Ryan Kiera Armstrong, from 2021s American Horror Story: Double Feature, plays the lead in this one. The trailer shows how her character, Charlie, struggles with her powers while being pursued by The Shop, a malicious government entity that wants to use her incendiary powers for military purposes. One scene sees her blow a cubical door off its hinges in a plume of fire. One of the characters claims that she might one day be as strong as a nuclear weapon.
Here’s the official synopsis for Firestarter:
For more than a decade, parents Andy and Vicky have been on the run, desperate to hide their daughter Charlie from a shadowy federal agency that wants to harness her unprecedented gift for creating fire into a weapon of mass destruction. Andy has taught Charlie how to defuse her power, which is triggered by anger or pain. But as Charlie turns 11, the fire becomes harder and harder to control. After an incident reveals the family’s location, a mysterious operative is deployed to hunt down the family and seize Charlie once and for all. Charlie has other plans.
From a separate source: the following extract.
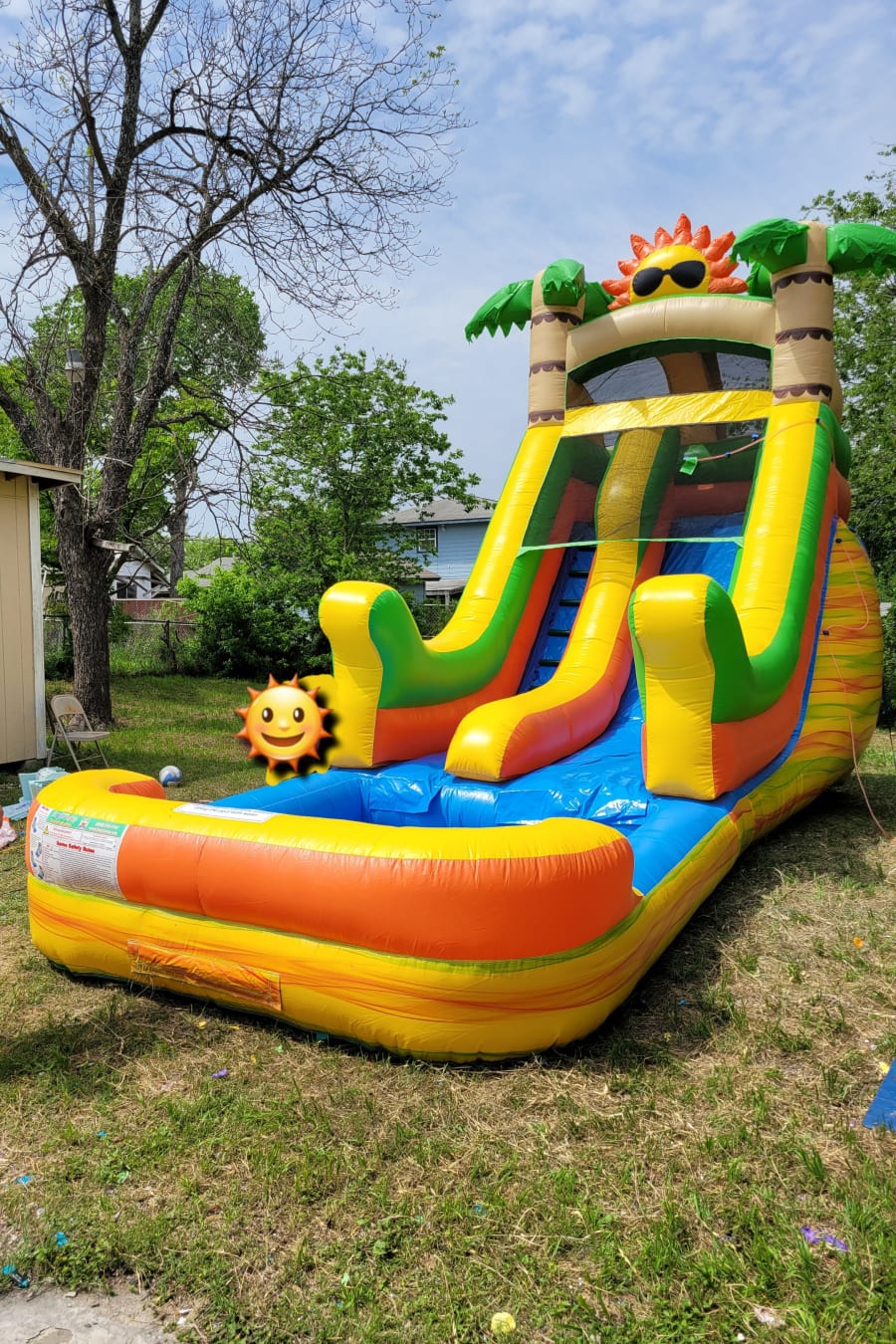 This Sunny Sunny waterslide is perfect for the younger age group. It has a big pool attached for waterslide to splash around in and a sprinkler on the top of the slide to keep the slide wet and make for more fun.Fill up the pool and let the fun begin! This waterslide has bright yellow, green colors that pop and make for a perfect summer hit for any birthday or just for fun occasion.!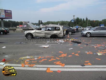 Авария произошла в Киеве вблизи Одесской площади. Mitsubishi спортсмена, который ехал вместе с женой, несколько раз перевернулась после столкновения с SUZUKI Vitara, которая выехала на встречную полосу.

You can check out the Firestarter trailer below:
The score, in particular, sounds electrifying. It would of course, because it was composed by horror music legend John Carpenter, along with fellow Halloween franchise composers Cody Carpenter and Daniel Davies. Firestarter is directed by Keith Thomas, based on a screenplay by Halloween Kills writer Scott Teems, and is produced by Jason Blum for Blumhouse. Akiva Goldsman produces for Weed Road Pictures.
Firestarter also stars Michael Greyeyes, Kurtwood Smith, John Beasley, Gloria Reuben, and will hit cinemas and Peacock on 13 May 2022.
We honestly don’t think any author had more of their works adapted for the big screen than Stephen King, save William Shakespeare. And this looks like it’ll be another one for the books, no pun intended.